I started making more time to spend with my host family, with whom I developed an incredible bond. I realized that communicating with my host parents about my problems was the best way to not only solve the issues, but also develop a strong relationship. If I was told a year ago that I would deeply love “strangers” like I do today, or that I would have family on the other side of the world, I wouldn't have believed it. I am so grateful to have a family that I could rely on, talk to, and love. From them I learned skills that helped me move forward with my life and be the young woman I am. From simple tasks like fishing, cooking, crocheting, and playing cards, to complex tasks such as communicating and organizing, my host family devoted their time and effort to teaching me and supporting me through my best and worst. And I realized that bonding with my host family was the key to adapting to my host community.

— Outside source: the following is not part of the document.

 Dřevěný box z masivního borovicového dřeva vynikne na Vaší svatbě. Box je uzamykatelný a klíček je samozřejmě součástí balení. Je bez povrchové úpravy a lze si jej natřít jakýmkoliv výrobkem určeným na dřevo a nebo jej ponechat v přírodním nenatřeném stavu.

I loved sitting around the dinner table, each one of us talking about their day. I loved when my host dad said that his favorite part of the day was having supper with us, and I loved when my little sisters said that their favorite part of the day was “band”. I loved when my host parents clapped and complimented me every time I played the piano, and I loved how my host mom always asks me about the name of the piece I was playing. I loved our Sunday night routine, watching a movie and eating crackers and cheese. I loved spending hours and hours around a puzzle that would take us weeks to finish, and I loved playing games, laughing about how awful Dad is at drawing, and how good Mom is at winning every game.
I am endlessly grateful to have awesome parents and incredible siblings on the other side of the world. I ended up realizing that my host country is now my home. My feeling of not fitting in faded away, and I found my happiness in this country, this school, this family, and this person: myself.

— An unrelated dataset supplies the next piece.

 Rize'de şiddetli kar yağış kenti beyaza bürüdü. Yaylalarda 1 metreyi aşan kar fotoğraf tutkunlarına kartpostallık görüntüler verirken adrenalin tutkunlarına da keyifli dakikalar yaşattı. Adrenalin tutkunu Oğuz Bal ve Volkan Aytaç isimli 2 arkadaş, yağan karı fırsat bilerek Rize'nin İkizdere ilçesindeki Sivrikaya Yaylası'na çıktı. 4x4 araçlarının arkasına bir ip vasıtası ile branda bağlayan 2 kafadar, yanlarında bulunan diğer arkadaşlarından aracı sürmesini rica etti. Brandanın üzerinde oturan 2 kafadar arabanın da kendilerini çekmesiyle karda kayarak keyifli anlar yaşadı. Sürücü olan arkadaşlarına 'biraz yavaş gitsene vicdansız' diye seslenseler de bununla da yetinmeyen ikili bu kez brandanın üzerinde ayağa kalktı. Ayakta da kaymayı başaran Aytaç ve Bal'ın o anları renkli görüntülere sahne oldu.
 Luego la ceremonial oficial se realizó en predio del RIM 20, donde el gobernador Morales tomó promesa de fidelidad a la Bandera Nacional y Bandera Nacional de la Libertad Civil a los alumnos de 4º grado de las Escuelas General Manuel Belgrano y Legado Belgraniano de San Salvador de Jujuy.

I had never been this happy in my life; however, it was time to go home.
5- Going home
After spending a whole year building up the perfect life and routine, loving people, getting used to places and habits, it was time to pack up and leave it all behind. In my experience, I felt the small excitement of going back home, but the thought of leaving my host community and my life in the U.S. terrified me.
I postponed packing; I didn't even want to think about it. My last week was a succession of mixed feelings. It was a beautiful last week of saying goodbye to my loved ones. The last day was unforgettable. After packing my luggage in the car, I spent an amazing day with my host family. We visited the American Gothic House and went to the mall for lunch and a movie. At 5 am the next day, they drove me to the airport where we said goodbye, promising each other that we would visit. That was a tough moment in my life where I had to let go of my loved ones to continue my journey.
6- Adjustment at home
Seeing the Mediterranean Sea from the plane’s tiny window made me feel very nostalgic. We landed in my country, and I finally hugged my family for the first time in ten months. Still, I kept feeling homesick. It felt like I did not belong there, and my heart was on the other side of the globe.

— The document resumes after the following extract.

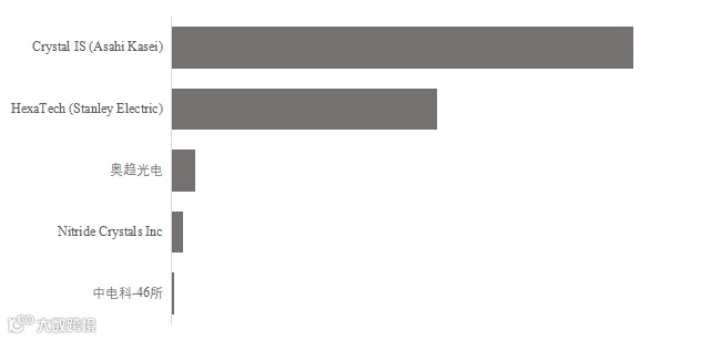 2024 年市场由少数头部企业主导:Crystal IS、HexaTech为第一梯队,其余如 Ultratrend、Nitride Crystals、CETC-46 为Tier 2/3。头部两家公司在 2024 年合计占市场绝大部分份额。
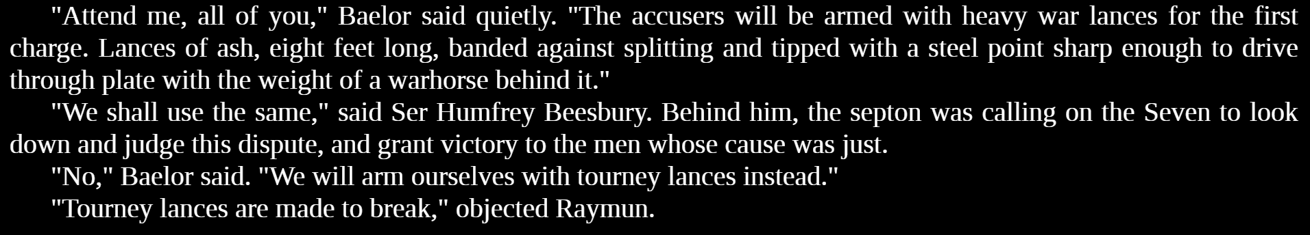 >What the fuck did you just say about me, you little bastard? I’ll have you know I was knighted first out of all the squires in the Red Keep, and I’ve been involved in numerous secret raids on Blackfyre usurpers, and I have over 300 confirmed slayings. I am trained in Dornish warfare and I’m the top archer in all the Southron kingdoms. You are nothing to me but just another target. I will snuff out your bastard bloodline with precision the likes of which has never been seen before on this Earth, mark my fucking words. You think you can get away with saying that rubbish to me with a raven’s letter? Think again, bastard. As we speak I am contacting my secret network of spies across the Seven Kingdoms and all of your traitorous secrets will be revealed so you better prepare for the storm, turncloak. The storm that wipes out the pathetic little thing you call your “life”. You’re fucking dead, boy. My cousin Lord Bloodraven can be anywhere, anytime, and he can kill you in over seven hundred ways, and that’s just with Dark Sister. Not only is my house extensively seasoned in the art of warfare, but we have access to the entire arsenal and martial talent of the Kingsguard, the Goldcloaks, and all the leal Great Houses of the Realm and we will use them to their full extent to wipe your bastard’s ass off the face of the continent, you little shit. If only you could have known what unholy retribution your little “clever” comment was about to bring down upon you, maybe you would have held your fucking tongue. But you couldn’t, you didn’t, and now you’re paying the iron price, you godsdamned idiot. I will shit fury all over you and you will drown in it, like we drowned your false king Daemon in a rain of arrows on the Redgrass Field. You’re fucking dead, bastard.

Relearning how to adjust to being home was a process. I mainly tried to stay busy by hanging out with my friends and taking drivers' ed classes. I gave myself time to process my feelings and to treat my experience of re-entry as if it was the beginning of my exchange year. I started to feel like myself again, and I came back from the United States with skills and ideas for projects that I would love to implement in my country.
In a nutshell, this experience was the best year of my life. I discovered myself and my abilities, and I met people that changed my life forever. I am grateful to the YES program for providing me with these wonderful opportunities that marked me and made me a better person.